Lompat ke konten Lompat ke sidebar Lompat ke footer
Kenapa Kita Masih Impor Beras ? Padahal, Indonesia Sangat Subur

Kenapa Kita Masih Impor Beras ? Padahal, Indonesia Sangat Subur

Warnanusantara.comKenapa Kita Masih Impor Beras ? Padahal, Indonesia Sangat Subur – Pada artikel kali ini saya ingin berbicara tentang sebuah polemik dalam perekonomian Indonesia yang mungkin paling ironis untuk dikatakan, yaitu keadaan pertanian di Indonesia.

Ada apa dengan pertanian di Indonesia, kenapa ironis, begitulah ceritanya.

Tahukah Anda bahwa kita mengonsumsi sebagian nasi setiap hari? Saat ini, kedelai adalah bahan baku tahu dan tempe untuk sarapan kita,

bawang merah yang digunakan sebagai bumbu masakan ibu di rumah, dan sambal yang merupakan bahan favorit kita, tidak dipanen oleh petani kita.

Kenapa Kita Masih Impor Beras ? Padahal, Indonesia Sangat Subur

Kenapa Kita Masih Impor Beras ? Padahal, Indonesia Sangat Subur

Kenapa Kita Masih Impor Beras alias beli dari luar negeri, kok Indonesia dikenal sebagai negara agraris yang luas dan subur, tapi kenapa harus beli beras dan kedelai di luar negeri?
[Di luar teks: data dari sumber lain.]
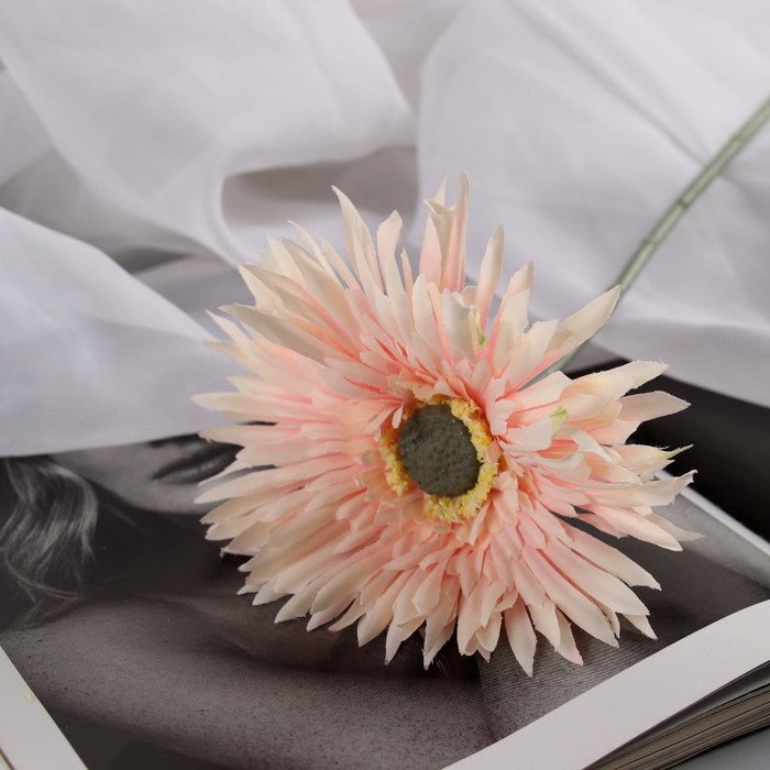 Цветы искусственные "Хризантема люкс" d-11 см, 40 см, бело-розовый
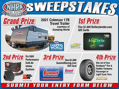 You can enter the 70th Anniversary Sweepstakes from NHRA for your chance to win the grand prize of a 2021 Coleman 17B Travel Trailer valued at $11,995. You’ll also have a chance to be the first prize winner of 1 of 5 $1,000 BatteryTender gift cards or 1 of 6 second prize winners of a K&N Performance cold air intake system. You’ll even have a chance to win a set of Goodyear tires or a $1K Summit Racing gift card. Entry ends December 17, 2021.
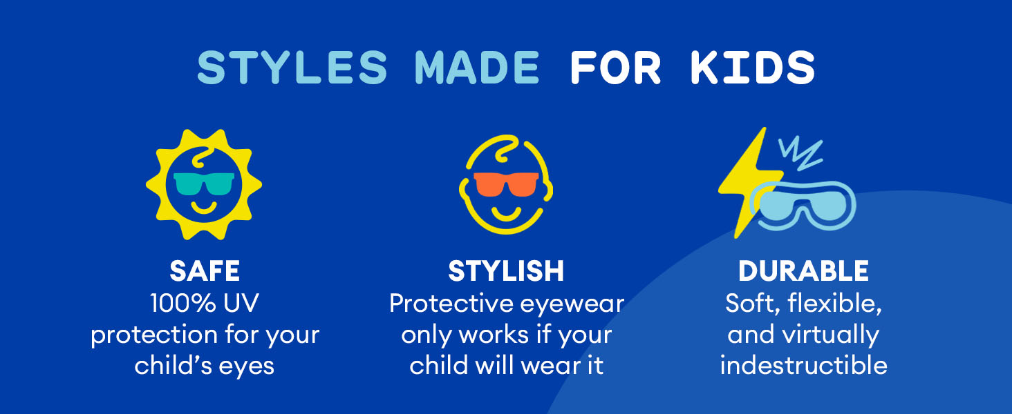 100% UV PROTECTION: Features UV400 lenses that block 100% of harmful UVA and UVB rays - protecting your child's delicate eyes during outdoor play.
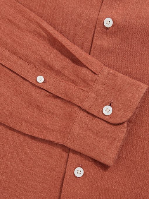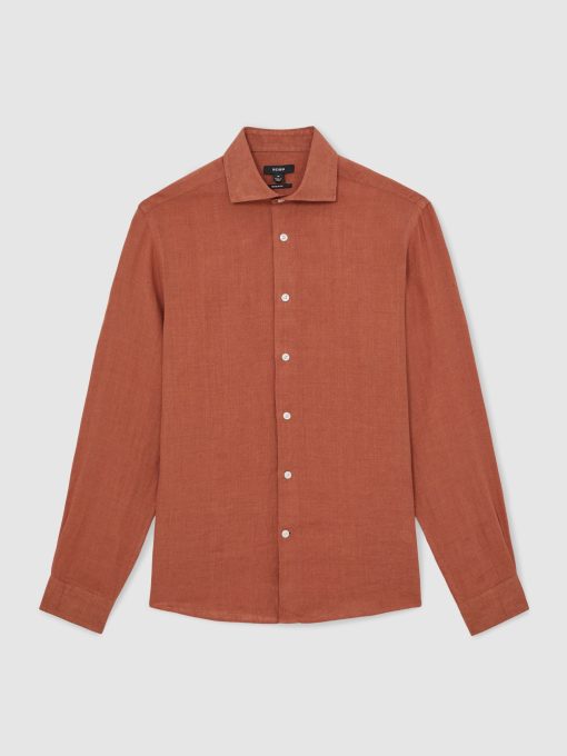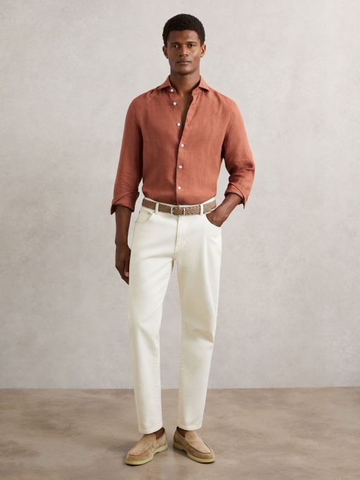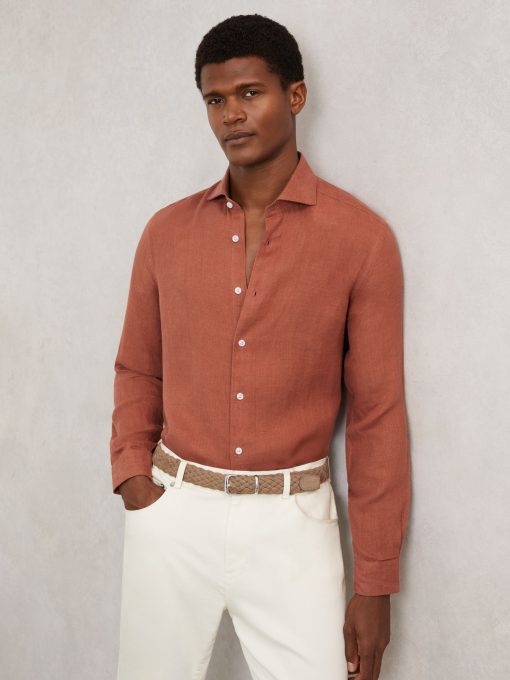 Engineered from a lightweight, linen fabrication with a subtle marl texture, the olive Ruban shirt marries classic comfort with a versatile style. Find the perfect pairing in our new arrivals. 100% linen Cutaway collar. Full buttoned placket. Long sleeves. Curved sleeve cuffs. Regular fit.
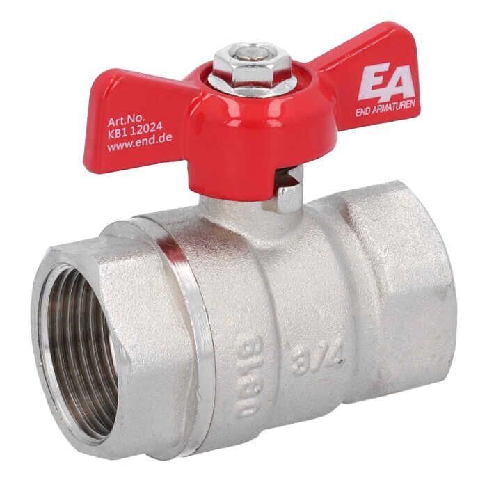 Kugelhahn 3/4", PN25, Flügelgriff Alu-rot Ms/PTFE-NBR, Innengewinde, voller Durchgang
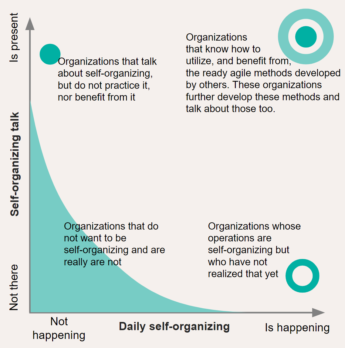 Organizations can be categorized roughly in four based on how self-organizing they want to be, and how much they practice self-organizing patterns and practices.
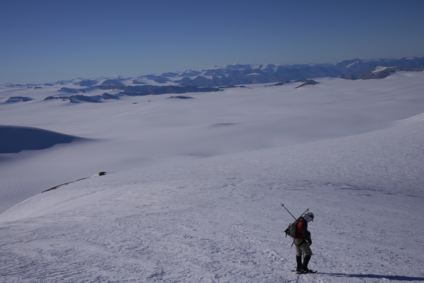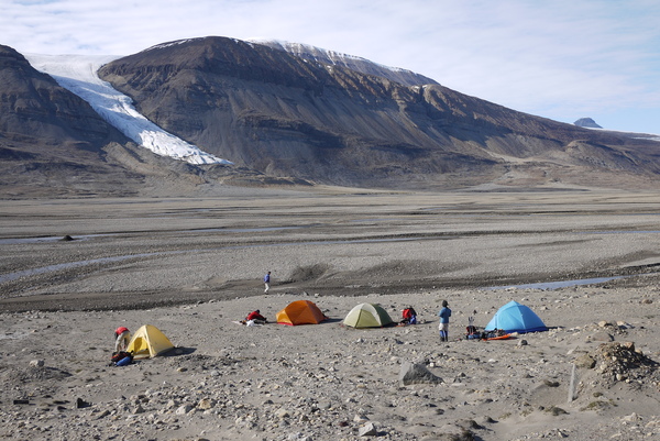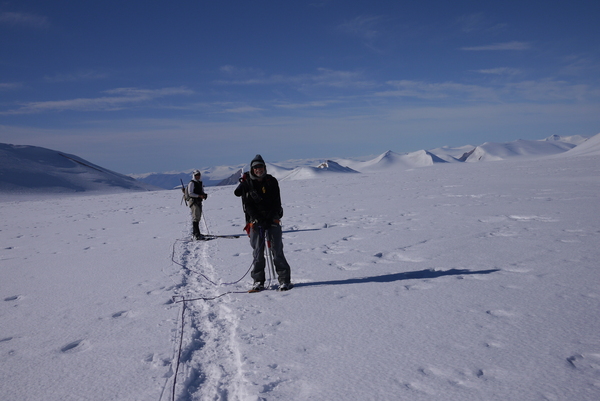 In 2010, we climbed Barbeau Peak, the high point of the Canadian Territory of Nunuvat. From the head of the Tanquery Fjord in Quttinirpaaq National Park, Ellesmere Island, we trekked up the Air Force River valley, across a frozen lake at the toe of the Air Force Glacier, and up onto the glacier itself. From there, we traversed over to Barbeau Peak, and summitted about seven days after our arrival at Tanquery Fjord. We returned to the national park via the McDonald River. Our group was led by Jack Bennett, first person to have climbed all high points in each of the 13 Canadian Provinces. Although Jack had already climbed Barbeau, he lead this trip so that his son, Tom, could finish his list of Canadian high points. Tom made the summit, as did the rest of us. Below are pictures from our adventure.
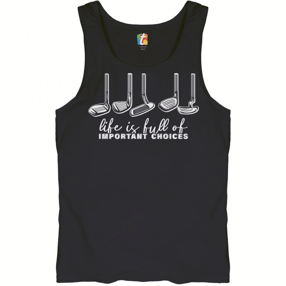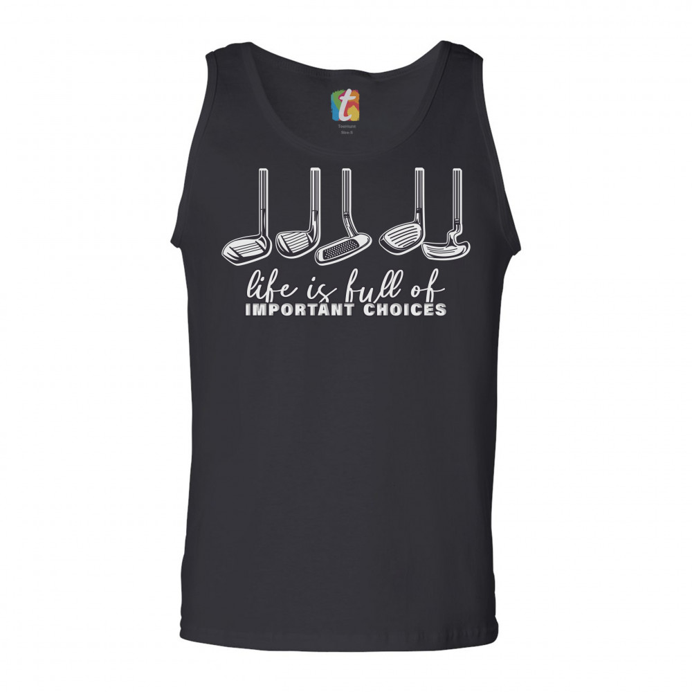 LIFE IS FULL OF IMPORTANT CHOICES tank top funny golf clubs golfing men's top black
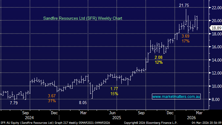 SFR closed 13% below its 2026 high on Wednesday illustrating how miners can be volatile even within an uptrend. At MM we remain bullish towards copper in line with global electrification but a short term pullback towards the $17 area wouldn’t surprise.

Produk pertanian ini adalah makanan pokok kita. Saya akan memberikan gambaran lain tentang betapa ironisnya masalah ini.

Pertanian kita Negara kita memiliki 26.000.000 hektar lahan garapan.

Selain itu, Indonesia juga memiliki lahan pertanian yang menempati area seluas 683 juta hektar atau sekitar 33 persen dari total luas daratan Indonesia.

Begitu banyak dan subur, pada kenyataannya, tanah Indonesia sangat kaya akan potensi karena sangat cocok untuk menemukan apa pun dari biji-bijian.

Umbi-umbian, jagung, kopi, gula, dan segala macam rempah-rempah eksotik yang bernilai ekonomis tinggi.

Itulah yang pernah mengantarkan Bangsa Eropa berebut wilayah di nusantara.

Jika kita melihat potensi pertanian di Indonesia selama ratusan tahun, seharusnya petani kita bisa sejahtera.

Ironisnya, kesejahteraan petani kita semakin menurun setiap tahun dan sejak tahun 2000 negara kita mengajarkan importir makanan pokok yang seperti kedelai, bawang merah, cabai dan lainnya.

Seberapa luas areal pertanian dan perkebunan kita, dan mengapa petani kita tidak bisa melakukan hal yang sama?.

Saya melihat manfaat dari potensi kesuburan tanah Indonesia sehingga dalam artikel ini saya ingin membahas masalah ini.

mari kita bahas atau hal pertama yang saya dasarkan adalah mengapa negara kita selalu menjadi  importir komoditas pertanian,

meskipun komoditas impor sebenarnya bisa ditanam sendiri. dan selain budidaya ini,

negara kita sebenarnya memiliki sumber masing-masing komoditas yang sangat berbeda.

Masalah pada produksi

Tetapi salah satu masalah terbesar adalah produksi dalam negeri kita masih belum cukup untuk kebutuhan konsumsi 270.000.000 orang Indonesia,

misalnya kedelai, menurut Catatan Menteri Pertanian Syahrul Yasin Limpo, rata-rata permintaan kedelai di Indonesia.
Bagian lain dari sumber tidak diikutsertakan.